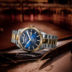 С первого взгляда PRIMELINE DAYDATE II очарует незаурядными деталями дизайна и благородным внешним видом. Он включает вертикальные «Женевские» полосы на механизме, рифленый безель и заводную головку, а также легко читаемый циферблат с элегантными стрелками и индексами. Полукруглая апертура дня недели на отметке «12 часов» и малое окно с датой в положении «3 часа». Частично светящиеся стрелки и продолговатые индексы облегчают считывание времени даже в темноте. Тонкая центральная секундная стрелка и микрокруглые минутные метки завершают образ циферблата.
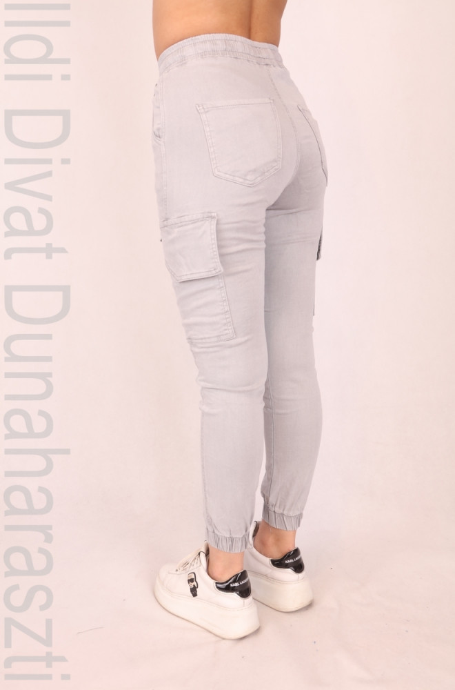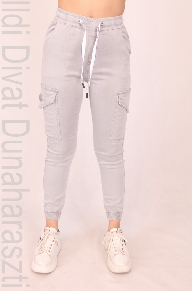 M.Sara szürke színű, elején, oldalán és hátulján zsebes, derék részén gumírozott és megkötős, alján gumírozott, lezser fazonú nadrág.
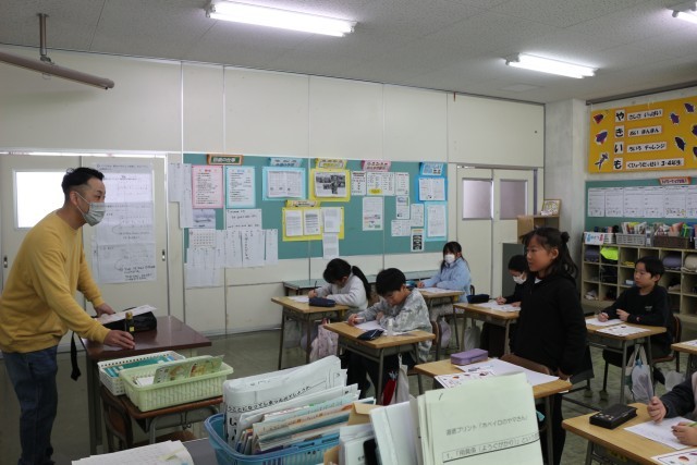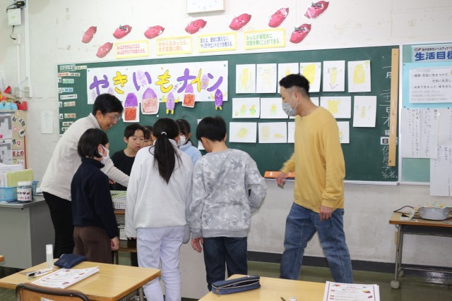 子どもたちから「人の目を引く色はどんな色ですか?」「かわいいキャラクターをかくにはどうしたらよいですか?」「この看板をもっとよくするためにはどうしたらよいですか?」など、積極的に質問が出ました。子どもたち干し芋販売に向けて、子どもたちはよりよいパッケージやチラシ、看板を作ろうと、奮闘しています!
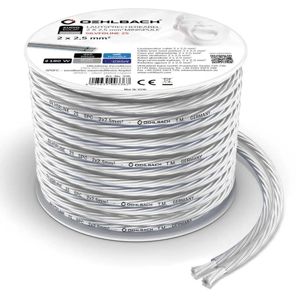 Câble de haut-parleur stéréo parfaitement fabriqué enroulé sur une mini bobine. Ce câble de haut-parleur convient aux performances d'amplificateur allant jusqu'à environ 120 watts de puissance par canal d'amplificateur. L'utilisation de cuivre sans oxygène plaqué argent (Ofc) comme matériau conducteur garantit qu'un son extrêmement clair et fidèle à la réalité peut être obtenu avec ce câble de haut-parleur. L'utilisation de l'argent pour affiner ce câble permet d'améliorer encore la reproduction des aigus. Le câble a également été fabriqué à partir de très nombreux fils de cuivre toronnés ultrafins - chaque fil individuel possède une section transversale d'environ 0,125 mm. Cette conception complexe signifie que le câble est particulièrement conducteur et flexible.

·····

> [Work task]:
Your task is to repeat exactly the lines from the one containing "M.Sara szürke színű, elején, oldalán" through the end of the material, both included, and only those, without pictures.

> [Written reply]:
 M.Sara szürke színű, elején, oldalán és hátulján zsebes, derék részén gumírozott és megkötős, alján gumírozott, lezser fazonú nadrág.
 子どもたちから「人の目を引く色はどんな色ですか?」「かわいいキャラクターをかくにはどうしたらよいですか?」「この看板をもっとよくするためにはどうしたらよいですか?」など、積極的に質問が出ました。子どもたち干し芋販売に向けて、子どもたちはよりよいパッケージやチラシ、看板を作ろうと、奮闘しています!
 Câble de haut-parleur stéréo parfaitement fabriqué enroulé sur une mini bobine. Ce câble de haut-parleur convient aux performances d'amplificateur allant jusqu'à environ 120 watts de puissance par canal d'amplificateur. L'utilisation de cuivre sans oxygène plaqué argent (Ofc) comme matériau conducteur garantit qu'un son extrêmement clair et fidèle à la réalité peut être obtenu avec ce câble de haut-parleur. L'utilisation de l'argent pour affiner ce câble permet d'améliorer encore la reproduction des aigus. Le câble a également été fabriqué à partir de très nombreux fils de cuivre toronnés ultrafins - chaque fil individuel possède une section transversale d'environ 0,125 mm. Cette conception complexe signifie que le câble est particulièrement conducteur et flexible.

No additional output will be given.